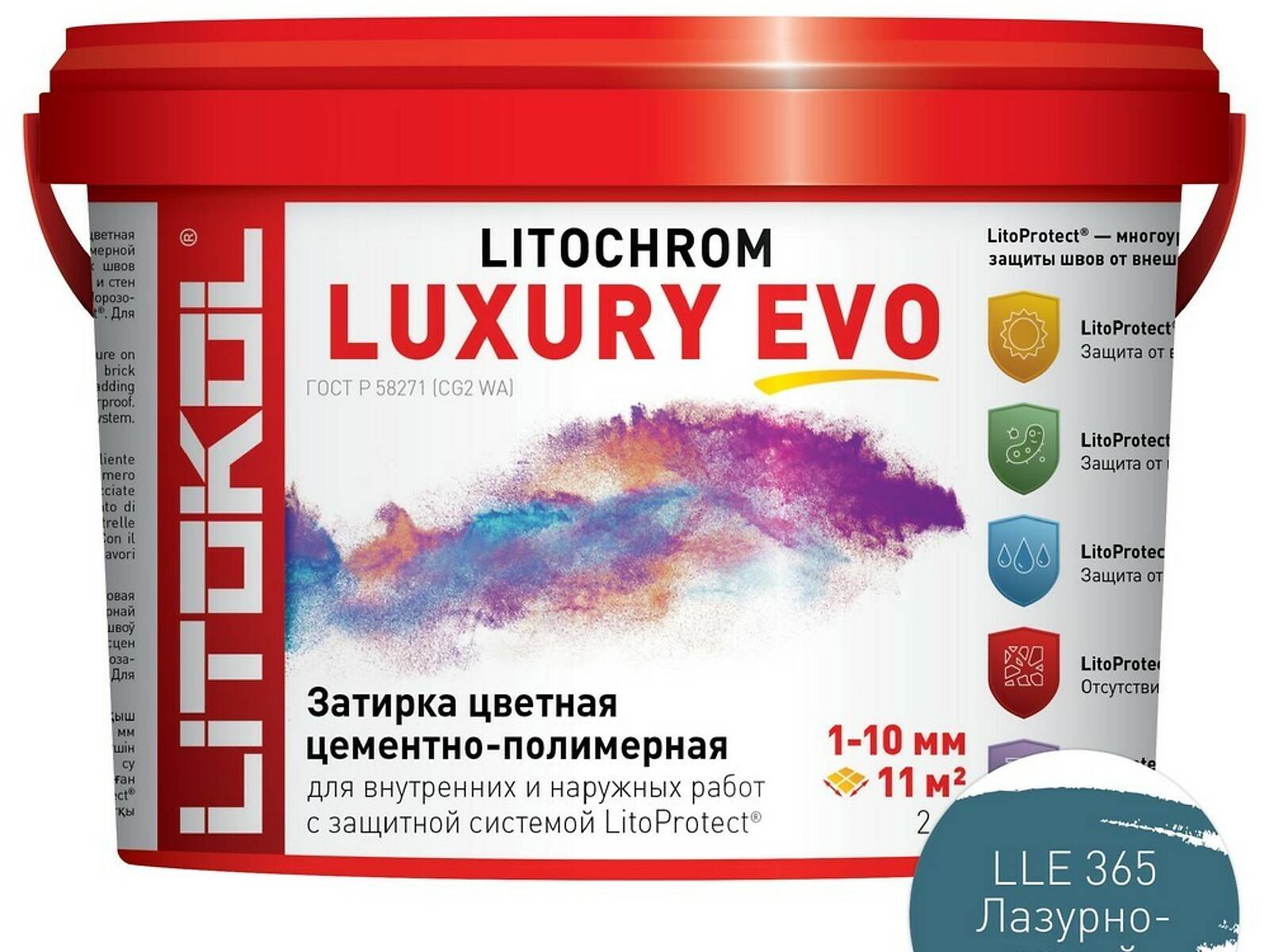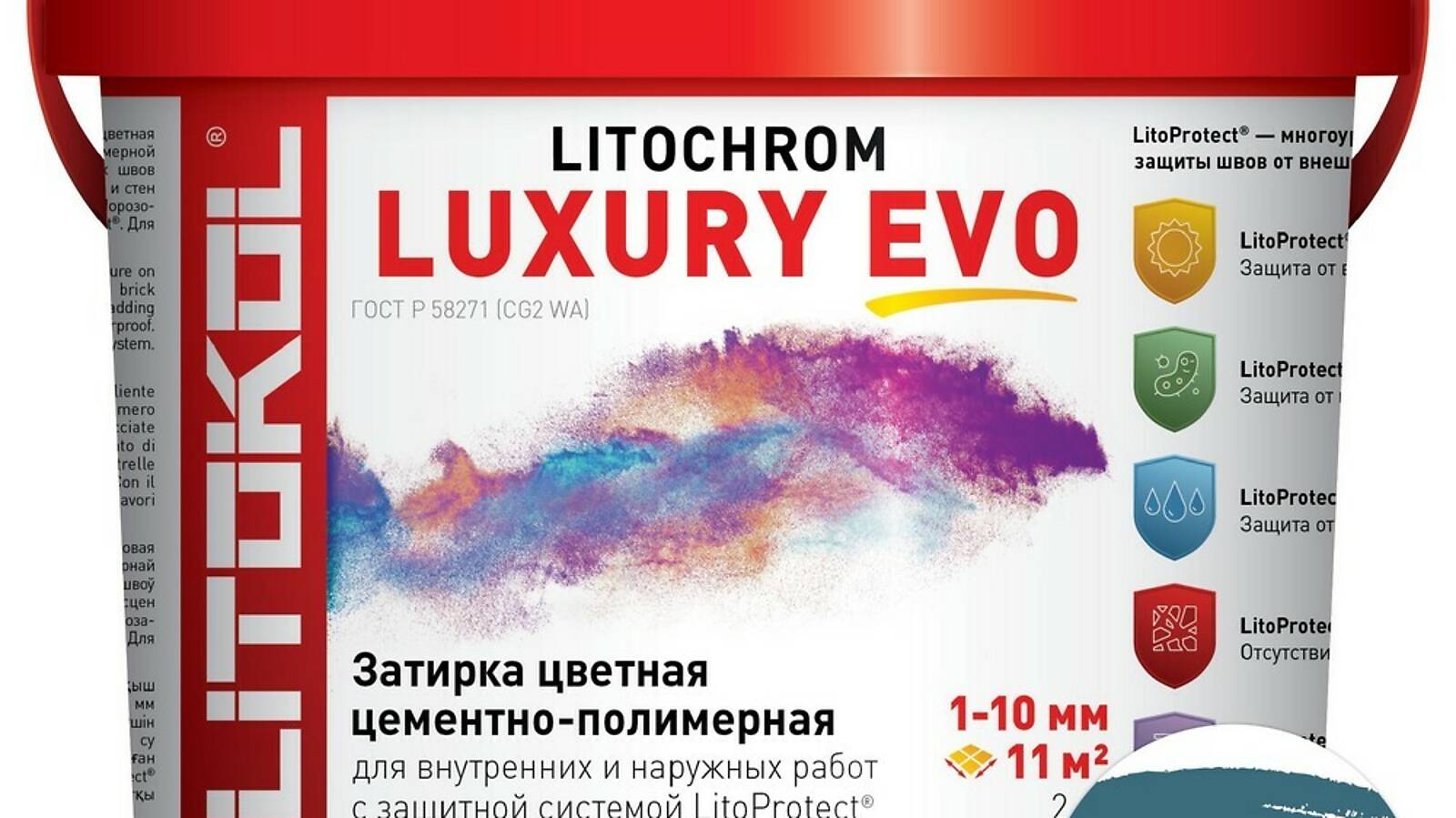 LitoProtect® AQUA — защита от воды и загрязнений. Поверхность швов обладает ярко выраженными водоотталкивающими свойствами, «эффект капли» проявляется при контакте поверхности швов с водой. Швы защищены от увлажнения, вымывания, и образования высолов, что позволяет использовать LITOCHROM LUXURY EVO при облицовке ванных, душевых, бассейнов, террас, балконов и т. д.
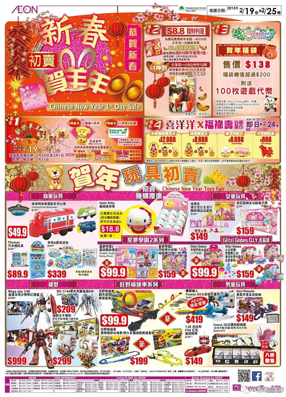 AEON: 羊年到了!祝大家新春飞扬,洋洋得意,羊年财顺,羊年行大运!由大年初一起,AEON於2015年2月19日(四)至2月25日(三)举行「AEON新春初卖贺羊年」,包括「贺年玩具初卖」、「贺年美饌团圆盛宴」、「均一价」及「新春床品初卖」,大量精选商品以优惠价发售,陪你渡过新春佳节,喜庆过羊年!(点击为高清图)
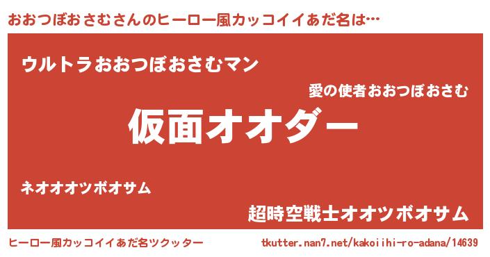 | 男性向けラノベタイトル風あだ名 | 『魔弾の王とおおつぼおさむ』 |
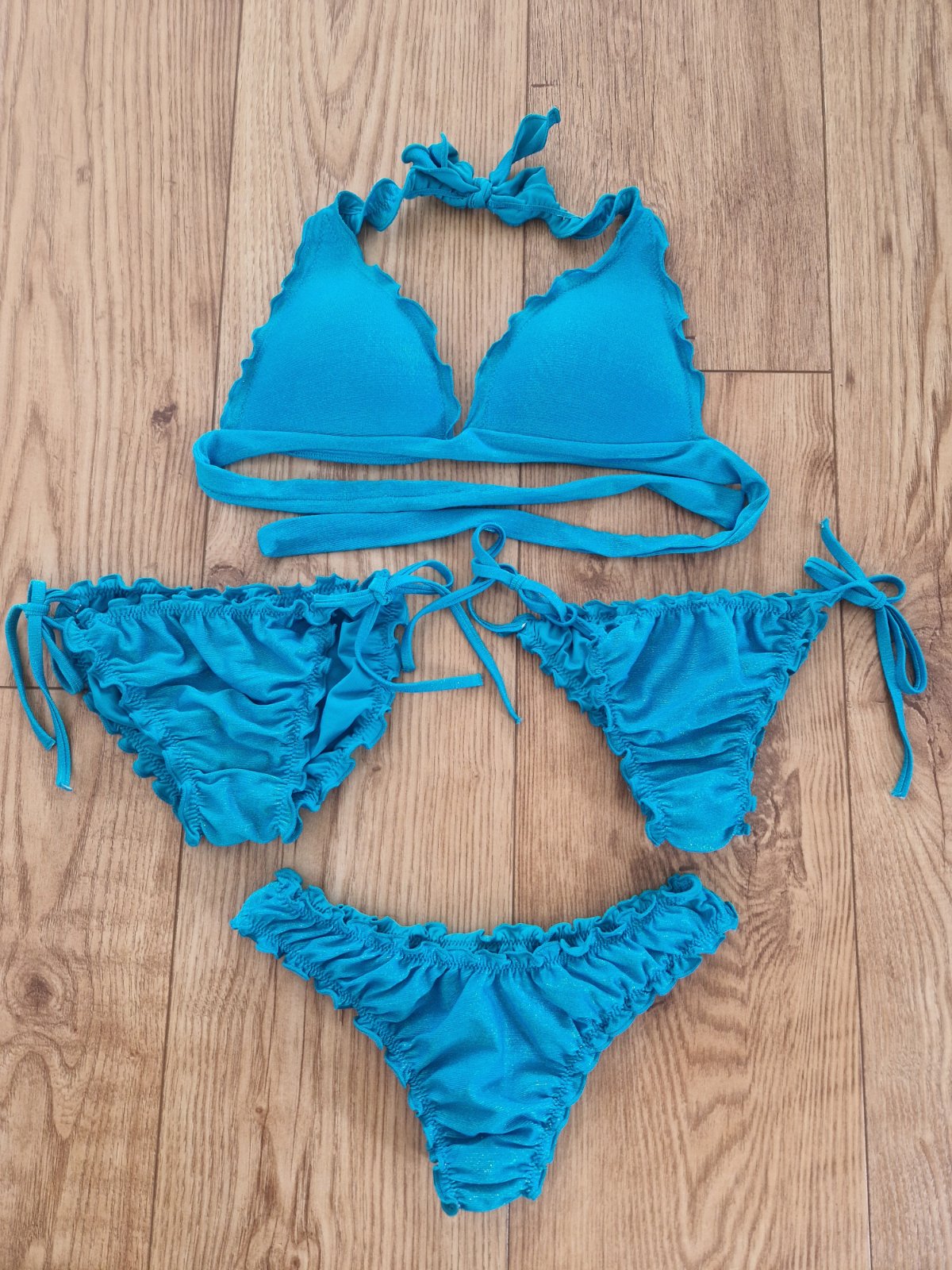Predam malo nosene plavky Calzedonia, velkost XS. Sada obsahuje vystuzeny trojuholnikovy vrsok, jedny klasicke a 2x brazilske nohavicky. TOP stav. Krasna trblietava tyrkysova farba.
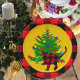 Rustic red and black buffalo plaid pattern paper plates featuring Christas tree and Cat festive decor for cats lovers.
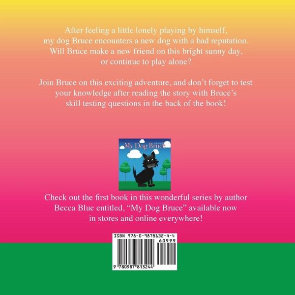 After feeling a little lonely playing by himself, Bruce encounters a new dog with a bad reputation. Will Bruce make a new friend on this bright sunny day, or continue to play alone? Join Bruce on this exciting adventure by author Becca Blue, and don't forget to test your knowledge after reading the story with Bruce's skill testing questions in the back of the book! This is the second book in the My Dog Bruce Series by author Becca Blue
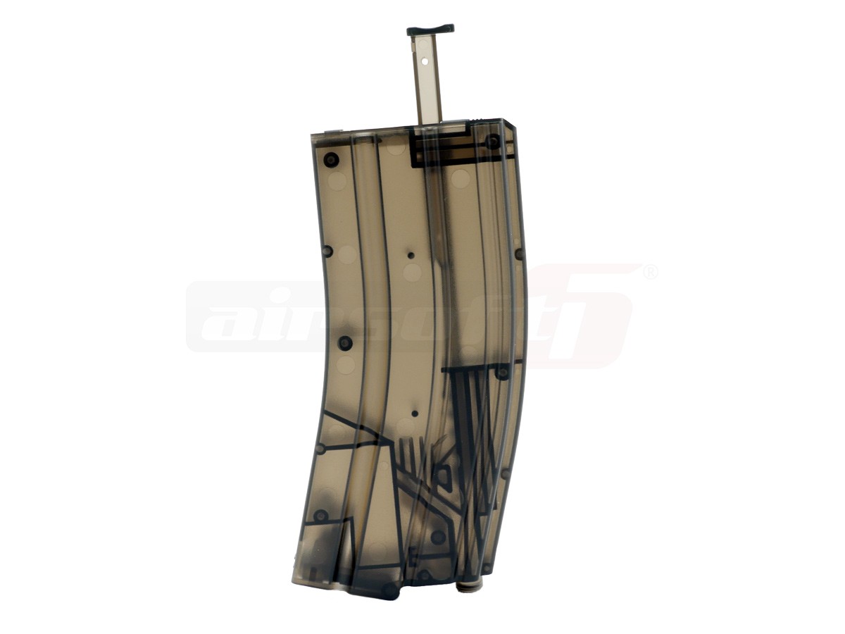Alimentator pentru bile marca SRC de mare capacitate. Este fabricat din plastic transparent pentru a urmari mai usor cantitatea de bilele ramasa. Capacitatea de stocare este de aproximativ 470 de bile.
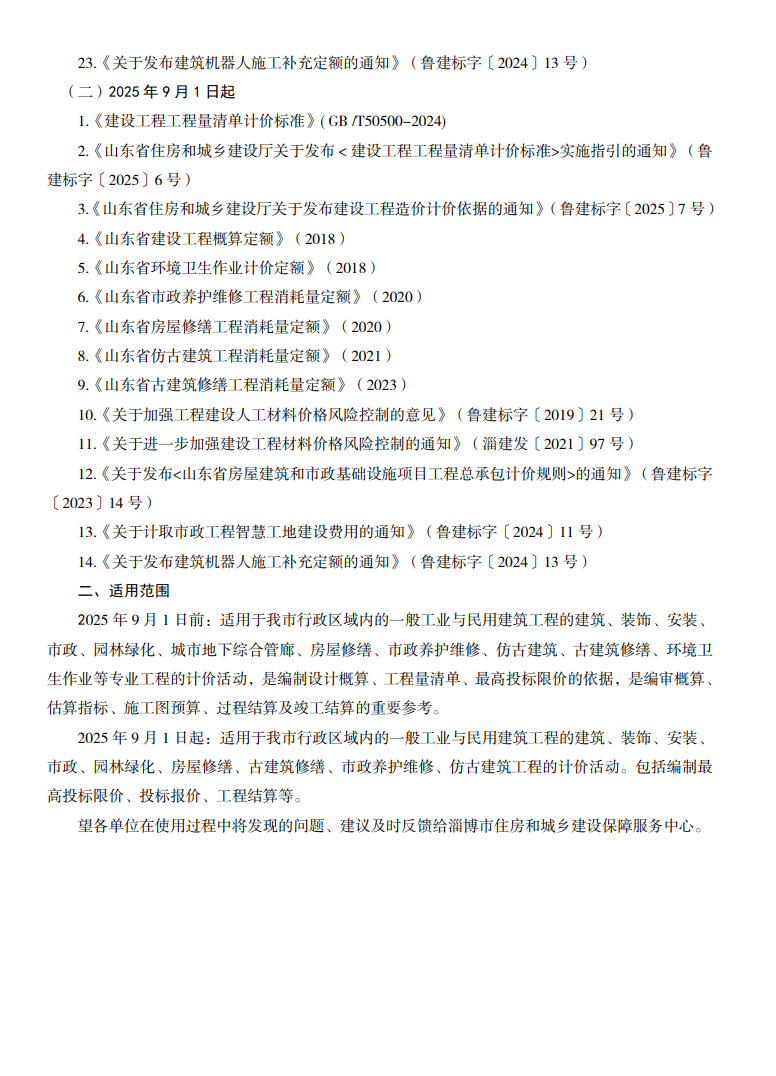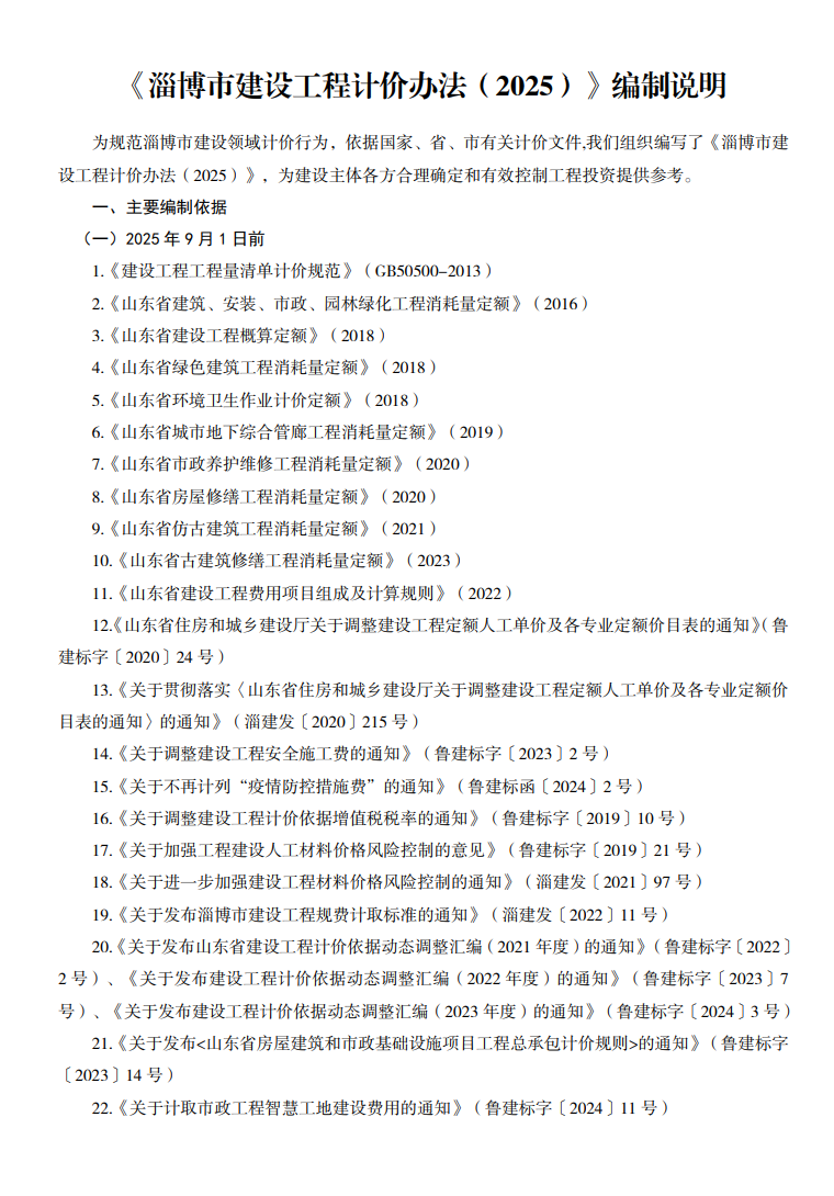 为深入贯彻国家工程造价市场化改革要求,全面落实2024版工程量清单计价系列标准在淄博市的平稳落地与有效实施,市住房城乡建设局组织编制了《淄博市建设工程计价办法(2025)》(以下简称《办法》)。现就《办法》的编制背景、主要内容及执行要点解读如下。 一、编制背景 2024年11月,住建部发布新版《建设工程工程量清单计价标准》(GB/T 50500-2024)及配套各专业工程量计算标准(以下简称“2024版清单计价标准”),标志着工程造价管理迈入新的阶段。2025年8月,省住建厅配套发布《实施指引》并修编调整各专业消耗量定额,进一步明确了定额从“依据”向“参考”转变的改革方向。 基于此,2025年版《办法》的核心任务已从2024年的“完善专业覆盖”转向“化解标准迭代冲突、引导市场化计价”。《办法》历时4个月编制,重点破解2013版与2024版清单计价规则共存期间的衔接难题,为市场主体提供清晰、稳定的计价指导。 二、主要内容 与2024年版相比,2025年版《办法》在结构体系和计价理念上均有重大调整。2025年版《办法》共包括五个部分内容,涵盖概算、施工总承包计价、工程总承包计价、有关文件等内容。其中:施工总承包计价又分为工程量清单计价和定额计价,该部分为《办法》的核心内容。 (一)概算定额。主要包括概算费用组成、概算费用计算程序及费率及有关问题的说明。需要注意的是,虽然省住建厅已发布修编调整后的建设工程造价计价依据,明确取消规费,但因调整未涉及概算,在概算编制过程中仍按原相关文件执行。 (二)施工总承包计价(工程量清单计价)。主要包括2013版工程量清单计价和2024版工程量清单计价两部分内容。因两版工程量清单计价在通用规定、计算程序、各专业工程量计算规则上都有很大程度的调整,《办法》系统梳理了工程费用项目组成、费用计算程序及费率、工程类别划分标准及使用说明等方面的不同,为过渡期项目提供明确操作指引,避免规则混用。 (三)施工总承包计价(定额计价)。本部分按照时间节点(2025年11月1日)划分为两个主要部分,详细阐述2016版各专业消耗量定额使用过程中应注意的问题和2025年新修编调整后的各专业消耗量定额的主要变化。应重点关注的是,修编调整后的计价依据是各相关专业建设工程开展发包与承包计价活动的“参考”,不再是“依据”。在后续计价活动中,各相关单位应逐步建立自身计价体系。 (四)工程总承包计价。本部分主要包括工程总承包项目清单编制、标底或最高投标限价编制、投标报价编制、合同价款约定及合同结算支付规则等内容。 (五)有关文件。汇编2025年度国家部委、省、市发布的造价管理及咨询行业政策文件,为企业提供“一站式”政策查询支持。 三、其他说明 本《办法》印发日期是2026年3月4日,施行日期是2026年3月4日。施行之日前已签订合同的工程,除合同另有约定外,仍按原规定计价依据版本执行。 原文如下: 淄博市住房和城乡建设局 关于印发《淄博市建设工程计价办法(2025)》的通知 淄建发〔2026〕5号 各区县住房城乡建设局,高新区、经济开发区建设局,文昌湖省级旅游度假区城乡建设局,各有关单位: 为落实工程造价市场化改革任务,规范全市建设领域各方主体计价行为,为市场主体开展计价活动提供参考,发挥市场在工程造价形成中的决定性作用,依据国家、省、市有关计价文件规定,市住房城乡建设局组织编写了《淄博市建设工程计价办法(2025)》(以下简称“本办法”),现予以印发,有关问题通知如下: 一、本办法适用于我市行政区域内建筑、装饰、安装、市政、园林绿化、房屋修缮、古建筑修缮、市政养护维修、仿古建筑、环境卫生作业等工程的发承包计价活动。 二、本办法自印发之日起施行,之前已签订合同的工程,除合同另有约定外,仍按原规定的计价依据版本执行。 三、本办法由市住房城乡建设局负责解释。 淄博市住房和城乡建设局 2026年3月4日 附件下载:淄博市建设工程计价办法(2025)
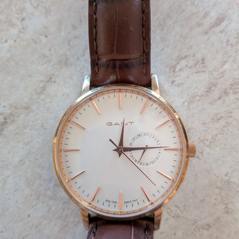 GANT unisex armbåndsur med rund grønn urskive og datovisning. Urkassen og lenken er i metall med klassisk leddet stållenke og foldespenne. Analoge visere og markeringer på timene. Passer både til hverdagsbruk og mer formelle anledninger for både kvinner og menn.
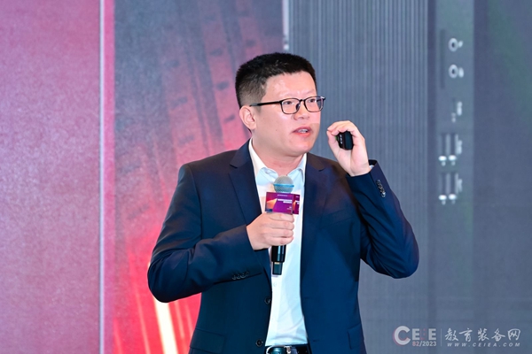 聯(lián)想開(kāi)天科技有限公司副總裁、解決方案總經(jīng)理曹先念作關(guān)于《以全棧創(chuàng)新推動(dòng)教育信創(chuàng)發(fā)展》的報(bào)告

* _THE TASK_
Each line above is to be transcribed exactly, though its pictures are not.

* _YOUR SOLUTION_
 LitoProtect® AQUA — защита от воды и загрязнений. Поверхность швов обладает ярко выраженными водоотталкивающими свойствами, «эффект капли» проявляется при контакте поверхности швов с водой. Швы защищены от увлажнения, вымывания, и образования высолов, что позволяет использовать LITOCHROM LUXURY EVO при облицовке ванных, душевых, бассейнов, террас, балконов и т. д.
 AEON: 羊年到了!祝大家新春飞扬,洋洋得意,羊年财顺,羊年行大运!由大年初一起,AEON於2015年2月19日(四)至2月25日(三)举行「AEON新春初卖贺羊年」,包括「贺年玩具初卖」、「贺年美饌团圆盛宴」、「均一价」及「新春床品初卖」,大量精选商品以优惠价发售,陪你渡过新春佳节,喜庆过羊年!(点击为高清图)
 | 男性向けラノベタイトル風あだ名 | 『魔弾の王とおおつぼおさむ』 |
Predam malo nosene plavky Calzedonia, velkost XS. Sada obsahuje vystuzeny trojuholnikovy vrsok, jedny klasicke a 2x brazilske nohavicky. TOP stav. Krasna trblietava tyrkysova farba.
 Rustic red and black buffalo plaid pattern paper plates featuring Christas tree and Cat festive decor for cats lovers.
 After feeling a little lonely playing by himself, Bruce encounters a new dog with a bad reputation. Will Bruce make a new friend on this bright sunny day, or continue to play alone? Join Bruce on this exciting adventure by author Becca Blue, and don't forget to test your knowledge after reading the story with Bruce's skill testing questions in the back of the book! This is the second book in the My Dog Bruce Series by author Becca Blue
Alimentator pentru bile marca SRC de mare capacitate. Este fabricat din plastic transparent pentru a urmari mai usor cantitatea de bilele ramasa. Capacitatea de stocare este de aproximativ 470 de bile.
 为深入贯彻国家工程造价市场化改革要求,全面落实2024版工程量清单计价系列标准在淄博市的平稳落地与有效实施,市住房城乡建设局组织编制了《淄博市建设工程计价办法(2025)》(以下简称《办法》)。现就《办法》的编制背景、主要内容及执行要点解读如下。 一、编制背景 2024年11月,住建部发布新版《建设工程工程量清单计价标准》(GB/T 50500-2024)及配套各专业工程量计算标准(以下简称“2024版清单计价标准”),标志着工程造价管理迈入新的阶段。2025年8月,省住建厅配套发布《实施指引》并修编调整各专业消耗量定额,进一步明确了定额从“依据”向“参考”转变的改革方向。 基于此,2025年版《办法》的核心任务已从2024年的“完善专业覆盖”转向“化解标准迭代冲突、引导市场化计价”。《办法》历时4个月编制,重点破解2013版与2024版清单计价规则共存期间的衔接难题,为市场主体提供清晰、稳定的计价指导。 二、主要内容 与2024年版相比,2025年版《办法》在结构体系和计价理念上均有重大调整。2025年版《办法》共包括五个部分内容,涵盖概算、施工总承包计价、工程总承包计价、有关文件等内容。其中:施工总承包计价又分为工程量清单计价和定额计价,该部分为《办法》的核心内容。 (一)概算定额。主要包括概算费用组成、概算费用计算程序及费率及有关问题的说明。需要注意的是,虽然省住建厅已发布修编调整后的建设工程造价计价依据,明确取消规费,但因调整未涉及概算,在概算编制过程中仍按原相关文件执行。 (二)施工总承包计价(工程量清单计价)。主要包括2013版工程量清单计价和2024版工程量清单计价两部分内容。因两版工程量清单计价在通用规定、计算程序、各专业工程量计算规则上都有很大程度的调整,《办法》系统梳理了工程费用项目组成、费用计算程序及费率、工程类别划分标准及使用说明等方面的不同,为过渡期项目提供明确操作指引,避免规则混用。 (三)施工总承包计价(定额计价)。本部分按照时间节点(2025年11月1日)划分为两个主要部分,详细阐述2016版各专业消耗量定额使用过程中应注意的问题和2025年新修编调整后的各专业消耗量定额的主要变化。应重点关注的是,修编调整后的计价依据是各相关专业建设工程开展发包与承包计价活动的“参考”,不再是“依据”。在后续计价活动中,各相关单位应逐步建立自身计价体系。 (四)工程总承包计价。本部分主要包括工程总承包项目清单编制、标底或最高投标限价编制、投标报价编制、合同价款约定及合同结算支付规则等内容。 (五)有关文件。汇编2025年度国家部委、省、市发布的造价管理及咨询行业政策文件,为企业提供“一站式”政策查询支持。 三、其他说明 本《办法》印发日期是2026年3月4日,施行日期是2026年3月4日。施行之日前已签订合同的工程,除合同另有约定外,仍按原规定计价依据版本执行。 原文如下: 淄博市住房和城乡建设局 关于印发《淄博市建设工程计价办法(2025)》的通知 淄建发〔2026〕5号 各区县住房城乡建设局,高新区、经济开发区建设局,文昌湖省级旅游度假区城乡建设局,各有关单位: 为落实工程造价市场化改革任务,规范全市建设领域各方主体计价行为,为市场主体开展计价活动提供参考,发挥市场在工程造价形成中的决定性作用,依据国家、省、市有关计价文件规定,市住房城乡建设局组织编写了《淄博市建设工程计价办法(2025)》(以下简称“本办法”),现予以印发,有关问题通知如下: 一、本办法适用于我市行政区域内建筑、装饰、安装、市政、园林绿化、房屋修缮、古建筑修缮、市政养护维修、仿古建筑、环境卫生作业等工程的发承包计价活动。 二、本办法自印发之日起施行,之前已签订合同的工程,除合同另有约定外,仍按原规定的计价依据版本执行。 三、本办法由市住房城乡建设局负责解释。 淄博市住房和城乡建设局 2026年3月4日 附件下载:淄博市建设工程计价办法(2025)
 GANT unisex armbåndsur med rund grønn urskive og datovisning. Urkassen og lenken er i metall med klassisk leddet stållenke og foldespenne. Analoge visere og markeringer på timene. Passer både til hverdagsbruk og mer formelle anledninger for både kvinner og menn.
 聯(lián)想開(kāi)天科技有限公司副總裁、解決方案總經(jīng)理曹先念作關(guān)于《以全棧創(chuàng)新推動(dòng)教育信創(chuàng)發(fā)展》的報(bào)告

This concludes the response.